§ SUPPLIED MATERIAL
_ _ _ _

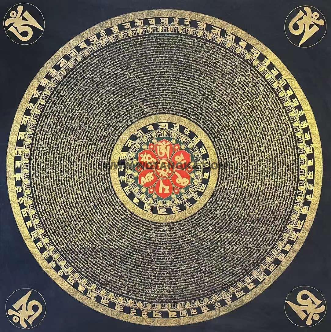 《六字真言坛城》唐卡是高端会所公司豪宅,背景墙,镇宅首选。坛城象征宇宙本源,是圣坛的代表,挂与家里玄关之处,有镇宅辟邪的妖邪不入的作用,古代著名寺院皇宫都用此法门来镇宅辟邪,十分殊胜。喜欢不要错过。六字大明咒是观世音菩萨心咒,源于梵文中,此咒含有诸佛无尽的加持与慈悲,是诸佛慈悲和智慧的音声显现。能改变命运,修成幸福健康的人生。
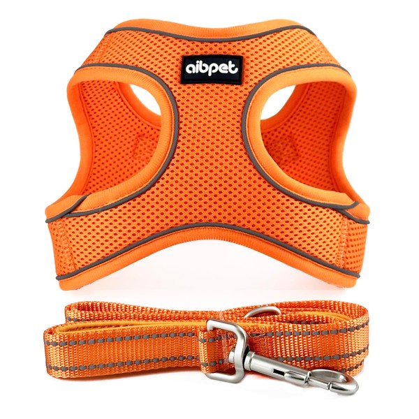 AIBPET 犬 ハーネス リード付 小型犬 柔らかい 軽量 中型犬 通気性 猫 耐久性 犬用ハーネス 訓練用 大型犬 引っ張り防止 反射材料 首輪 弾力性 調節可能 リード 介護 ペット用品 付けやすい (orange, S)
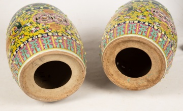 | Lot #: 152 Pair of Chinese Famille Rose Yellow-Ground Garden Seats |
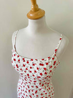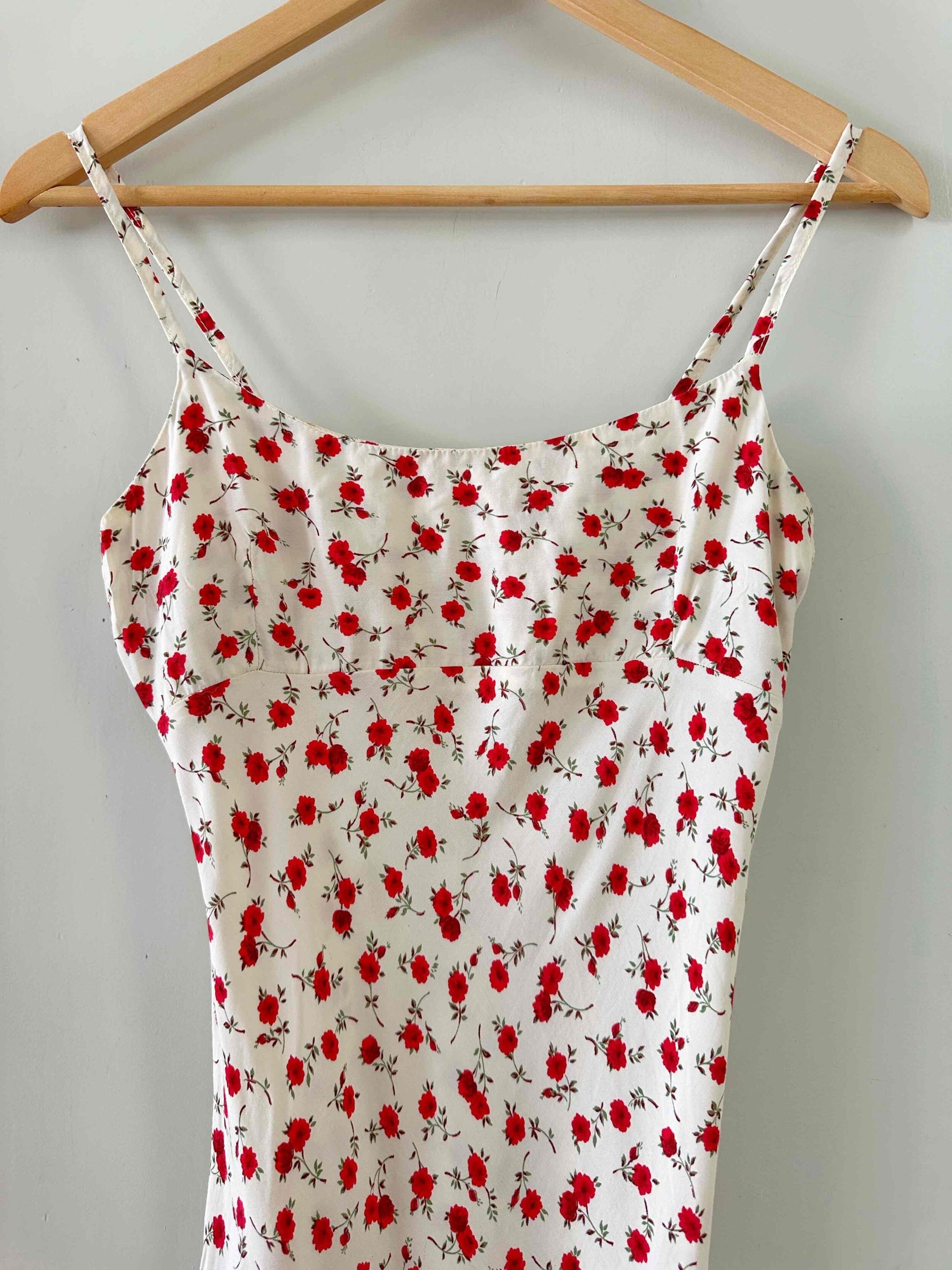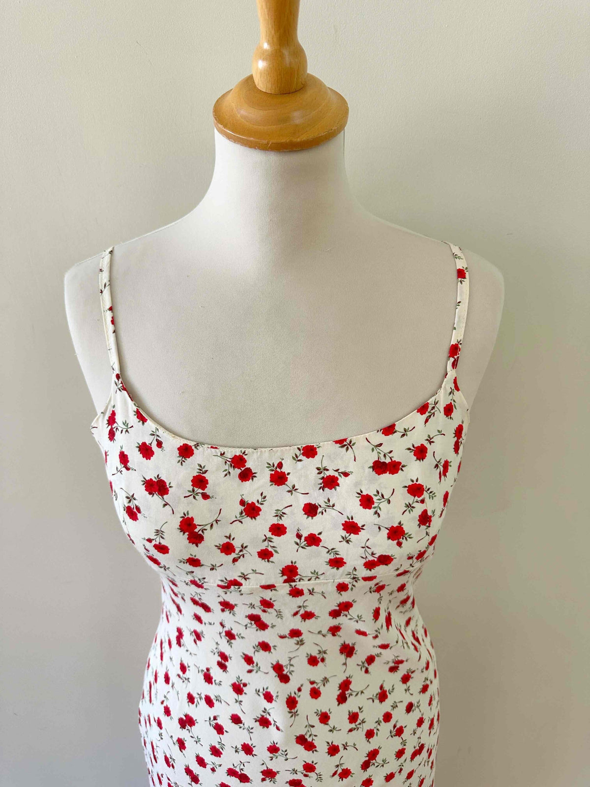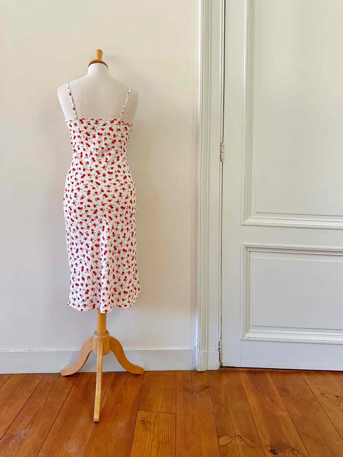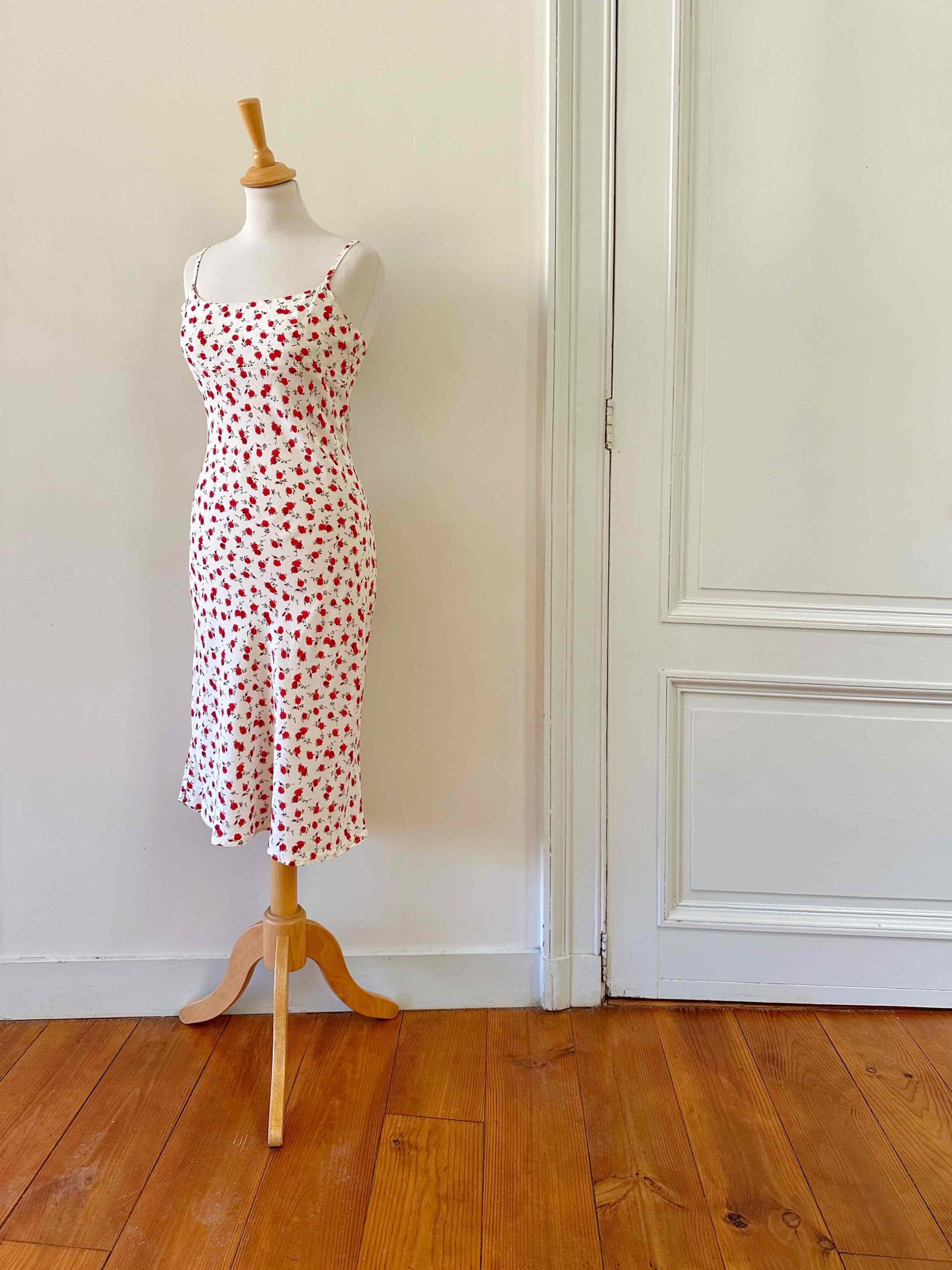 Prix unitaire parRobe nuisette à fleurs en viscose écrue imprimée petites fleurs rouges et vertes, bretelles spaghettis, poitrine froncée, à enfiler, années 90's, taille 34 portée ici sur un mannequin T36, aisselles 42cm

_ _ _ _

§ TASK DIRECTIONS
Output the data above exactly, beginning at its first line and ending with the line that holds "AIBPET 犬 ハーネス". Leave out the pictures and add nothing.

§ TASK RESULT
 《六字真言坛城》唐卡是高端会所公司豪宅,背景墙,镇宅首选。坛城象征宇宙本源,是圣坛的代表,挂与家里玄关之处,有镇宅辟邪的妖邪不入的作用,古代著名寺院皇宫都用此法门来镇宅辟邪,十分殊胜。喜欢不要错过。六字大明咒是观世音菩萨心咒,源于梵文中,此咒含有诸佛无尽的加持与慈悲,是诸佛慈悲和智慧的音声显现。能改变命运,修成幸福健康的人生。
 AIBPET 犬 ハーネス リード付 小型犬 柔らかい 軽量 中型犬 通気性 猫 耐久性 犬用ハーネス 訓練用 大型犬 引っ張り防止 反射材料 首輪 弾力性 調節可能 リード 介護 ペット用品 付けやすい (orange, S)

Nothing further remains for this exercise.